Minha introdução ao teatro foi bastante despretensiosa. Nunca existiu a ideia de que eu me tornaria uma atriz mirim ou de que essa ocupação seria um trabalho, algo que gerasse dinheiro. Era simplesmente mais uma atividade entre tantas outras que eu fazia na infância. E, quando percebi, eu estava apaixonada. Me apaixonei profundamente e nunca mais quis sair. Entrei com 9 anos e só saí de lá com quase 17.
Aquele espaço e aquelas pessoas representaram um acolhimento fundamental para mim naquele momento da vida.

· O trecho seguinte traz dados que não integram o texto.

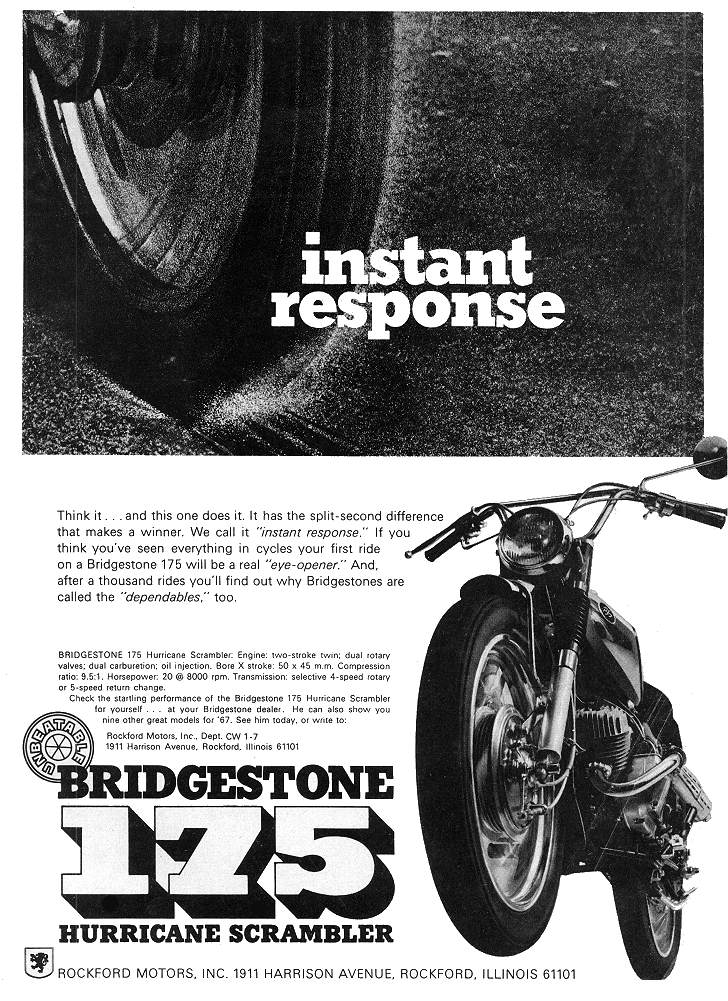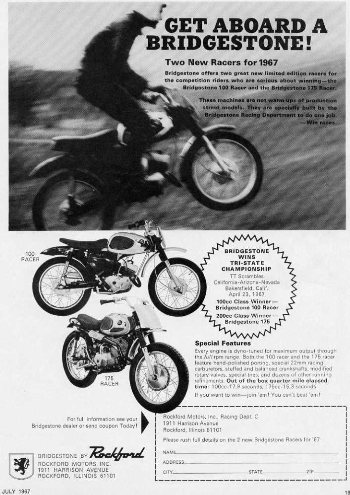 aboard a Bridgestone!, 100 & 175 Racer, July 1967 Cycle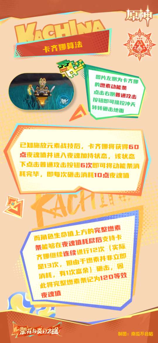 由于卡齐娜搭乘【冲天转转】进行连续下砸攻击时持续搭乘的夜魂消耗将暂停计算,因此作为夜魂定量的一种工具,同时在夜魂值消耗完后,卡齐娜会转为消耗燃素维持状态,这使得夜魂与燃素之间有了一种沟通的桥梁。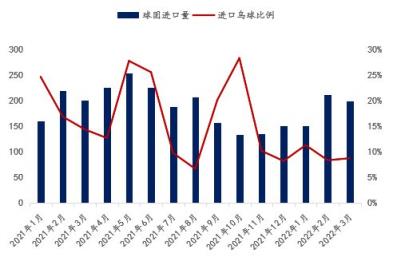 (1)進(jìn)口供應(yīng):俄烏沖突下,烏克蘭海運(yùn)出口清零,同時(shí)在中國(guó)球團(tuán)進(jìn)口量中,進(jìn)口烏克蘭球團(tuán)比例近兩年均值僅有16%,2021年二季度及2022年1-2月份,進(jìn)口比例更是只有8%-11%。所以雖然烏克蘭海運(yùn)出口被限,但對(duì)于中國(guó)國(guó)內(nèi)進(jìn)口球團(tuán)總量影響有限,環(huán)比當(dāng)前情況來(lái)看很難出現(xiàn)明顯下降趨勢(shì)。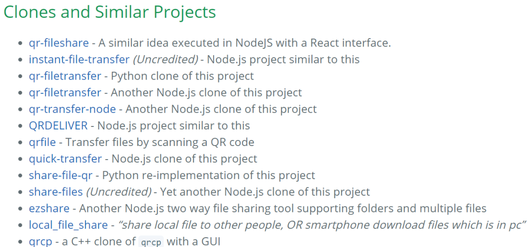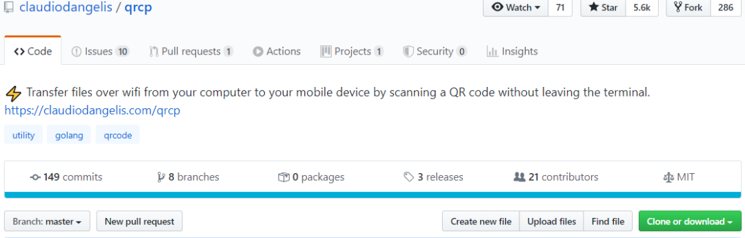 当你要从Amazon EC2,Digital Ocean Droplet,Google Cloud Platform Compute Instance或任何其他VPS传输文件时,这个功能就很有用了。除了qrcp,其实还有很多类似的工具,不知道你平常最喜欢的是哪一个呢?目前,qrcp已经在Github上标星5.6K,Fork累计286个https://github.com/claudiodangelis/qrcp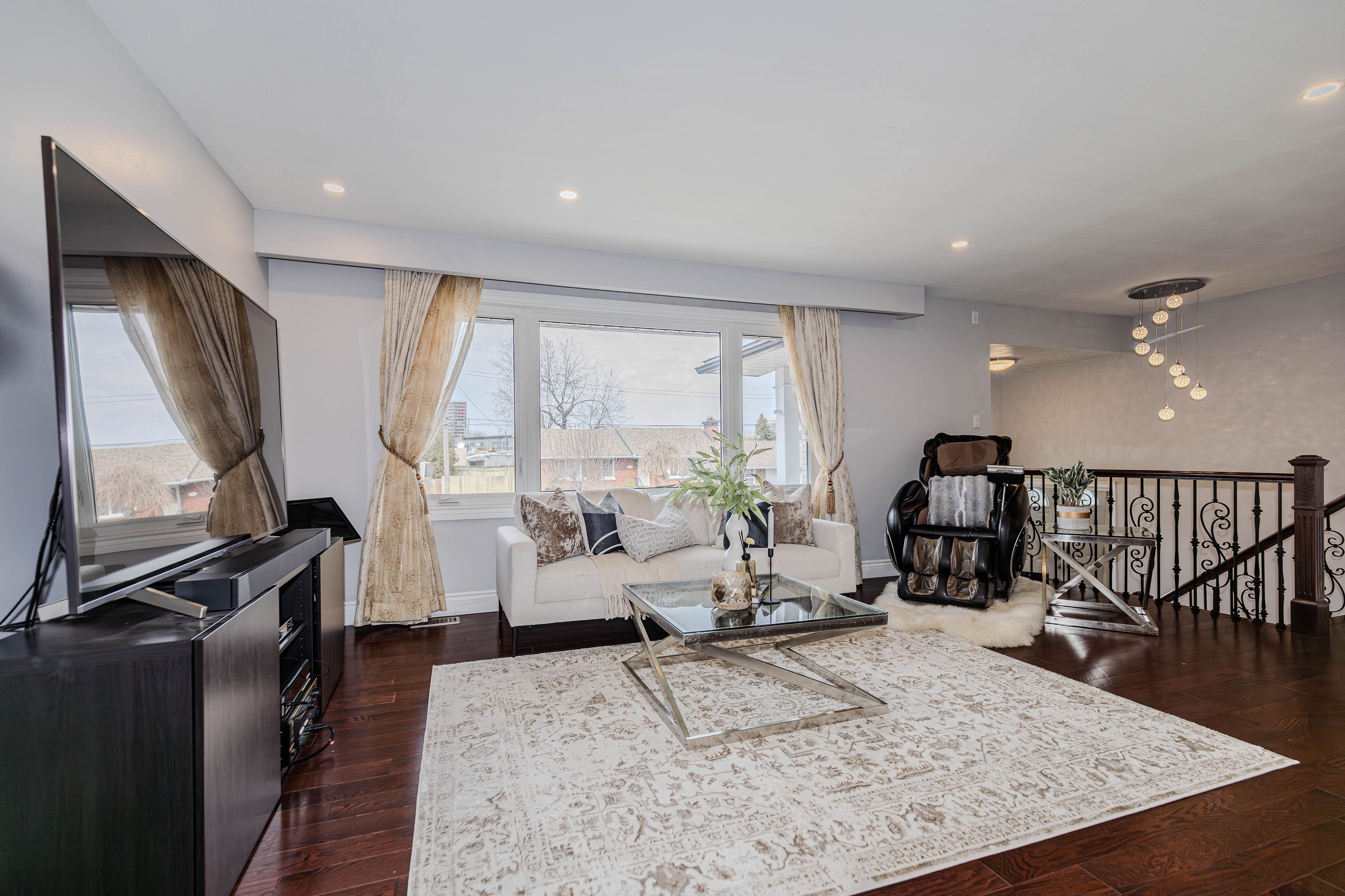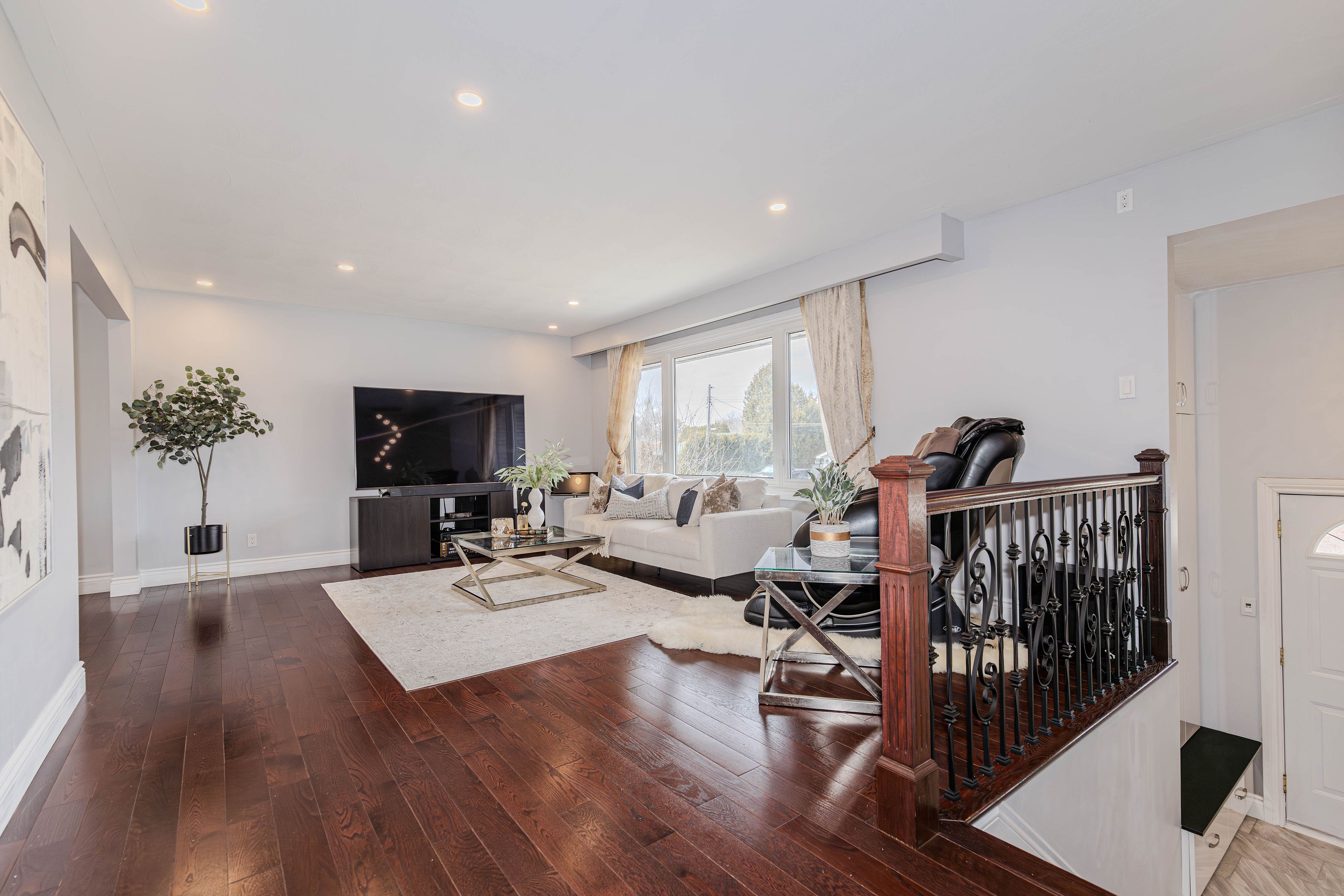 • Bright open-concept main level with large windows and updated finishes.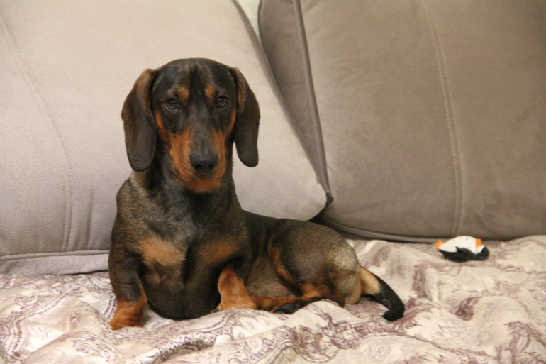 А еще такса наша оооочень любит тепло. Может всю ночь спать под одеялом ( и морду под одеялом). При этом очень желательно под моим одеялом вместе со мной.

Era um lugar onde eu podia experimentar ser uma criança e adolescente livre, protegida pelo teatro e por quem fazia parte dele. Fora dali, a realidade era outra — especialmente sendo uma menina negra. Ali, eu podia simplesmente viver, criar, sem vergonha ou medo. Foi o lugar onde superei minha timidez, que sempre aparecia fora do palco.
O Centro Cultural Monte Azul é um verdadeiro oásis. Às vezes, parecia que eu nem estava em São Paulo, era um lugar mágico, onde relações frutíferas e trabalhos belíssimos aconteciam. Foi lá que conheci o trabalho de grandes companhias teatrais paulistas que se tornaram minhas referências. Era um espaço muito respeitado pelos grupos, e, mesmo sem ter contatos externos no mundo das artes cênicas, eu via essas pessoas lá dentro, trabalhávamos para recebê-las. Isso me deu uma perspectiva concreta sobre o que é fazer teatro, viver disso. O Monte Azul é um espaço transformador, com uma pedagogia eficaz e uma política profundamente respeitosa. Mudou a minha vida — e continua mudando a de muita gente.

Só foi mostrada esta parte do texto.